A few weeks back I was talking with a friend about death.  He told me about some main cultural expectations and traditions of his people.  The basics include the grieving family not bathing, washing their clothes, no cleaning, no opening of curtains, doors or windows, and no cooking for 7 days.  His people are expected to, and allowed to grieve hard out in those first 7 days.  The biggest thing he shared, that really smacked me hard in more places than one, was this: Other people cook and bring food in for the grieving family.

So many things made sense for me after feeling the impact of “other people cook and bring food in for the grieving family”.  I have struggled hard out with cooking here at home – since Dec 2018.  I’ve bought food – I’ve chucked it out.  I’ve replaced chucked out food – and then chucked that out too.

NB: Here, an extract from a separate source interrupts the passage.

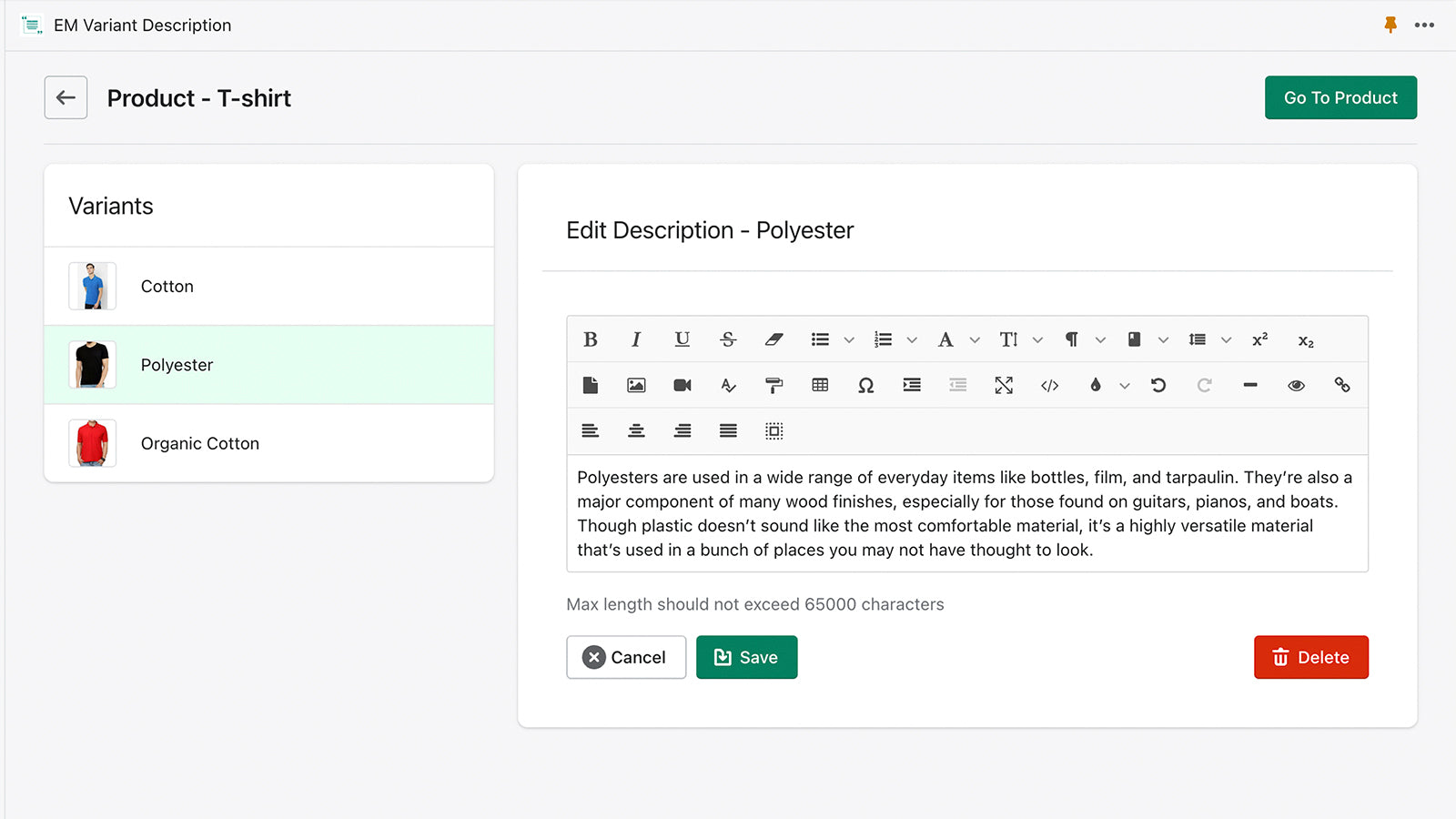 EM Variant Description lets you set unique descriptions for your product variants with the help of a rich text editor and show variant descriptions on the product page. Explain your product features by displaying each variant's size chart, weight, features, type, etc. separately along with the variants for a better understanding. We have the capability to set up a maximum of 5 images for each variant. Note: Our customer support is available from 9 am to 6 pm IST, Monday to Friday.
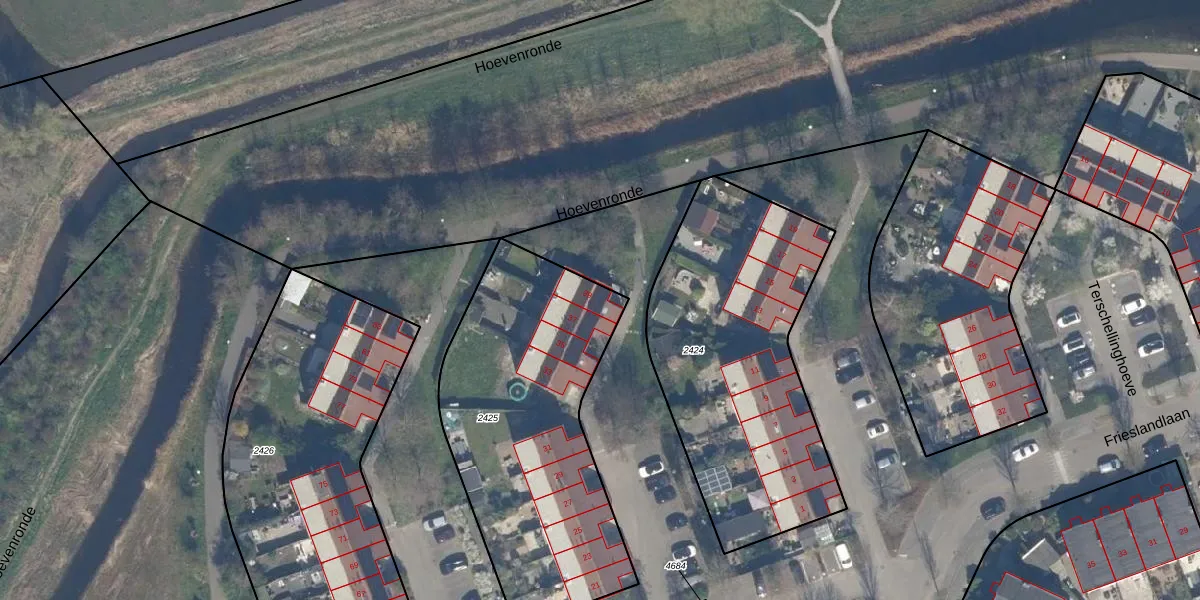 Het perceel waarop Terschellinghoeve 39 staat heeft een oppervlakte van 1370 m². Dit is een zeer groot perceel. De perceeloppervlakte wordt geregistreerd door het Kadaster. Gedetailleerde informatie over de maten van dit perceel kunt u vinden in het rapport Kadastrale kaart met maatvoering van Terschellinghoeve 39.

I hit another low – a depression that was overwhelmingly bewildering because I’d actually sought so called “professional” help for my inability to get my relationship with food sorted.

Again, and after meeting with alleged professional and stating what it was that I needed the actual help with, I was presented with her version of events and her version of what I actually needed to get through to the other side.  I felt devastated – that again, my self-knowledge wasn’t acceptable to an alleged professional – I felt enraged, that again the “pill” being offered was more about her lack of skills required to assist someone as intelligent as me, through what I needed help navigating.  I felt so many things that are no longer foreign to me in terms of so called “professional people & their services”.

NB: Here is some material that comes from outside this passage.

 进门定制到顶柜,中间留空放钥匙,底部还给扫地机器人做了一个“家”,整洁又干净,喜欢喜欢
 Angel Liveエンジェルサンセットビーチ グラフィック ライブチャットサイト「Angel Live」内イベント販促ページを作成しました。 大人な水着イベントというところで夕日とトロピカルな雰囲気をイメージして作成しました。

More exact – I was allowed to again feel less than.  I was allowed to again feel the impact of being told that it was her way or the highway.  I was being told that I couldn’t possible know what I need in order to heal because the alleged professional knew way more about this kind of gig than what I / the ‘average’ person could ever know!

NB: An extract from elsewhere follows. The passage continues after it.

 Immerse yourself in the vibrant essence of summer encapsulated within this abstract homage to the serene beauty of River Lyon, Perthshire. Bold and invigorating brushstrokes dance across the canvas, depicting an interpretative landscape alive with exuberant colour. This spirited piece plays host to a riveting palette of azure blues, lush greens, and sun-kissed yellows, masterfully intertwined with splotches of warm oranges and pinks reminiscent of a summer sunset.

And I came to realise that I wasn’t desperate enough – or even dumb enough this time to take on the impressions of another human being regardless of the letters after their name that only prove they handed in and passed exams at the end of the day – it proves nothing as to their ability to actually work with other human beings.  I came to realise that again, I was going to have to navigate this scary as fuck waka out of an abysmal storm that at that stage, I wasn’t even sure I wanted to survive.

And yet – I kept paddling.

Directionless for sure – I just kept paddling.

I held the light of hope for myself.

And from Dec through to April I became a regular at the Drive-Thru of McDonalds, Burger King and KFC.  They were the people that cooked for me.  They were the people who held that space so that I could somehow keep finding the courage needed to show up in the mirror each day.

I felt so ashamed of myself for being unable to prepare and cook food here at home.  I felt so ashamed full stop.  I felt ashamed for being unable to get the right amount of words together in a structured form so that other people could hear me – or even so that they would hear me.  I felt so misunderstood – again and again and again.  I felt so trapped and isolated.  I felt so bewildered that for all the “open mindedness” of the so called spiritual people – nobody heard me.  Nobody caught me.  Nobody cared enough to become involved – to sit with me and to ask me what I needed and to then be willing (or even able to) hold that space so I could get in there – into me – and do what was needed to be done.

If I didn’t fit the criteria of other services – I couldn’t be helped or supported or assisted.  If I challenged / questioned (it’s the same thing people) the perceived “integrity” or “ability” of such skilled person or persons I was told something else unhelpful to me ….

And this went on over and over and over again for bloody months!

To my own credit – which isn’t the same as letting the people who failed me off the hook,  I joined a gym, knowing that if I was going to continue eating via Drive-Thru’s I’d better step up the exercise.  And I kept that news to myself because I didn’t want to then have to hear all the assumptions people would make about me doing so – nobody would have thought to have asked me “why’d you do that?”.  And when I told people – they didn’t ask.

A few more weeks later, and I’m having that conversation with my friend about his people etc …  And it all started clicking into alignment.  I had a conversation with myself later that night – I told myself that the grieving had been going on long enough now – and that it was time to step up the self-care regarding food.  I contracted myself to cook kai (food) at home twice a week – and to gradually build it up.  I told myself that I wasn’t cutting myself off from the process of grief – I told myself that I was creating some space so I could eat at home again.

And I’ve been cooking at home.  My fridge is still empty as – so there’s a way to go.  However I cook dinner at home and eat it at home almost every night.  I ensure I get a hot choc into me every morning.  And I have some toast during the day.

It is overwhelming some days to be as afraid of food as I can be.

It is also overwhelming that I still fall through so many cracks in the proverbial concrete that is called counselling & psychology because they’re not skilled enough to work with me, and I know it.

Boxing has saved me. I’ll write about that soon.